* **Task**
Reproduce all the lines below exactly and omit the images.

* **Dataset extract**
=-=-=
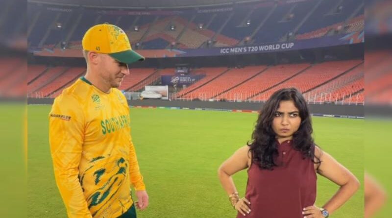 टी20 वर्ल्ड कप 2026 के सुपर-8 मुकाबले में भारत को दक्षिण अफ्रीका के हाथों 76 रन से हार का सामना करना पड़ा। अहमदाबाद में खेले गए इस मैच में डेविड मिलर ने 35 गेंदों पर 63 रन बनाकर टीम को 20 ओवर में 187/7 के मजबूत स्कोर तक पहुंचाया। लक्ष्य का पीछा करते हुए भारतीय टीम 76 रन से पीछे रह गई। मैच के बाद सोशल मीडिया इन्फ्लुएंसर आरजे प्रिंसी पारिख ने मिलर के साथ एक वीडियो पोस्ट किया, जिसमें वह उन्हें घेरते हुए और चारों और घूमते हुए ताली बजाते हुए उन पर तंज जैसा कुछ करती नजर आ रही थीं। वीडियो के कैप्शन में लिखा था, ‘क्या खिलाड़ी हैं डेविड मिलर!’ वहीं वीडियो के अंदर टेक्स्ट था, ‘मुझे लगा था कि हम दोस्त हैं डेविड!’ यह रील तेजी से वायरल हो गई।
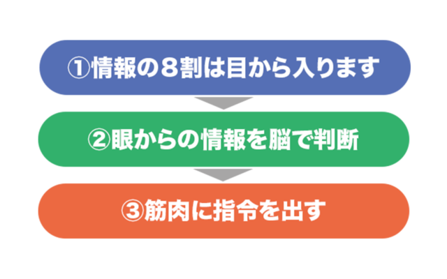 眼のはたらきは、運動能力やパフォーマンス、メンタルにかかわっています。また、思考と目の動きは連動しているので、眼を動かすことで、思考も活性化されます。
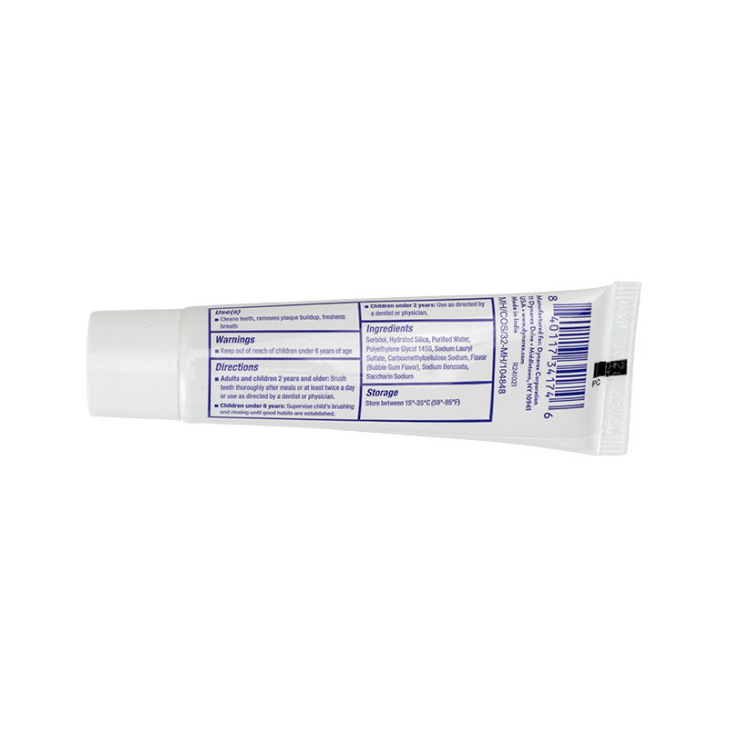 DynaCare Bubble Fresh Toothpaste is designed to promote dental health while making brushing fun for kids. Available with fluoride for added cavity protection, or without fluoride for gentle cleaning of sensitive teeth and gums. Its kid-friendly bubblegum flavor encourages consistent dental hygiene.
=-=-=
* **Response**
 टी20 वर्ल्ड कप 2026 के सुपर-8 मुकाबले में भारत को दक्षिण अफ्रीका के हाथों 76 रन से हार का सामना करना पड़ा। अहमदाबाद में खेले गए इस मैच में डेविड मिलर ने 35 गेंदों पर 63 रन बनाकर टीम को 20 ओवर में 187/7 के मजबूत स्कोर तक पहुंचाया। लक्ष्य का पीछा करते हुए भारतीय टीम 76 रन से पीछे रह गई। मैच के बाद सोशल मीडिया इन्फ्लुएंसर आरजे प्रिंसी पारिख ने मिलर के साथ एक वीडियो पोस्ट किया, जिसमें वह उन्हें घेरते हुए और चारों और घूमते हुए ताली बजाते हुए उन पर तंज जैसा कुछ करती नजर आ रही थीं। वीडियो के कैप्शन में लिखा था, ‘क्या खिलाड़ी हैं डेविड मिलर!’ वहीं वीडियो के अंदर टेक्स्ट था, ‘मुझे लगा था कि हम दोस्त हैं डेविड!’ यह रील तेजी से वायरल हो गई।
 眼のはたらきは、運動能力やパフォーマンス、メンタルにかかわっています。また、思考と目の動きは連動しているので、眼を動かすことで、思考も活性化されます。
 DynaCare Bubble Fresh Toothpaste is designed to promote dental health while making brushing fun for kids. Available with fluoride for added cavity protection, or without fluoride for gentle cleaning of sensitive teeth and gums. Its kid-friendly bubblegum flavor encourages consistent dental hygiene.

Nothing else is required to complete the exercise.